By Lakeisha Waddis

On April 26, 2012, U.S. Senate Bill 2466 — 112th Congress — was introduced by Senator Jon Tester, read twice and referred to the Committee on Armed Services. This bill, known as the Military Reservists Access to Mental Health Services Act of 2011, would “amend title 10, United States Code, to authorize the provision of behavioral health readiness services to certain members of the Selected Reserve of the Armed Forces based on need, and for other purposes.”

The current mental and behavioral health service conditions for those in the Selected Reserve of the Armed Forces vary.

Upon returning from deployment, service members are faced with psychological issues such as Post Traumatic Stress Disorder, Traumatic Brain Injury, alcohol and drug abuse, depression, and some of which can lead to suicide.

According to the Substance Abuse and Mental Health Services Administration (SAMHSA), the number of suicides among the Reservist and National Guard was 80 in 2009. By 2010, that number among this group had increased by 55% (145 suicides). Surprisingly, more than half of the number of National Guards who killed themselves had never been deployed.

Seeking help and treatment for the psychological issues that many in the National Guard and Reserve are faced with come from few, if not limited, resources, especially once they have been deactivated.

During activation, the Reserve and National Guard would seek services from their operational health asset or their Military Treatment Facility; however, once they are deactivated, they no longer receive these services.

Currently, TRICARE covers behavioral health services to the Reserve and National Guard under certain guidelines. Deactivated Reserve and National Guard members must qualify under TRICARE for a 180 day Temporary Assistance Management Program which begins on the Guard or Reserve member’s separation date.

Members losing this benefit and transitioning into civilian care can apply to keep these benefits by purchasing coverage under the Continued Health Care Benefits Program.

In addition, “The VA offers behavioral health services for members who served in support of a contingency operation,” said Army Maj.

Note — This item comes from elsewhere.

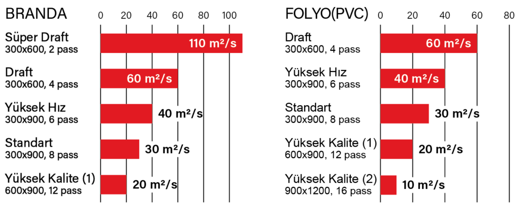 Gelişmiş çapraz dizilimli baskı kafaları sayesinde UJV55-320, branda üzerinde yüksek hızlı modda 60 m²/s baskı hızına ulaşır. Mükemmel baskı sonuçları ve üretkenlik sağlamak için çeşitli malzeme tiplerini ve baskı çözünürlüklerini karşılayan optimum profillere sahiptir.

Gen. Elder Granger, Deputy Director, TRICARE Management Activity.

When taking note of the help that is currently available, one would think that it is easily accessible and made readily available to our Guards and Reserves who put their lives on the line for our country. But that is just another misconception.

The mental and behavioral health services that Selected Reserve of the Armed Forces receives are available, but access is uneasily attainable. SAMHSA notes that even though these members who have served in the Iraq and Afghanistan Wars are eligible for behavioral health care services from the VA, many are unable or unwilling to access those services.

In the King County, Washington, Department of Community and Human Services Final Procurement Plan — Increasing Access to Behavioral Health Services Available through Community Health Centers, Public Health Centers, and Other Safety Net Clinics — it is stated that even though there is no reliable data on the medical and behavioral healthcare waiting list with the VA, but the VA mentioned in an editorial that that lists are so long as to effectively deny treatment to some veterans.

The bill, if enacted, would be funded in amounts made available to the Department of Defense for Defense Health Program. Determining the amounts required for behavioral health services for members of the Selected Reserve will be handled by the Assistant Secretary of Defense for Health Affairs in consultation with appropriate officials.

This may mean that this bill will not only create the access to needed behavioral and mental health services to the Reserves and National Guards through the law, but also through funding to provide these services.

It may also be necessary to hire more psychologists, therapists, and/or social workers to fill gaps in unfilled positions within military hospitals that can diagnose and treat Reserves and National Guard members suffering with mental health illnesses pre-deployment, during deployment, and post deployment, as well as for those who have never been deployed.

Caring for our Reserves and National Guard members not only means providing and supporting them while they are on the job, but supporting them and providing the necessary care and services needed to improve their mental and behavioral health conditions after they have served our country. U.S. Senate Bill SB 2466 would provide this much needed extension of care and support for our brave and courageous Selected Reserve of the Armed Forces.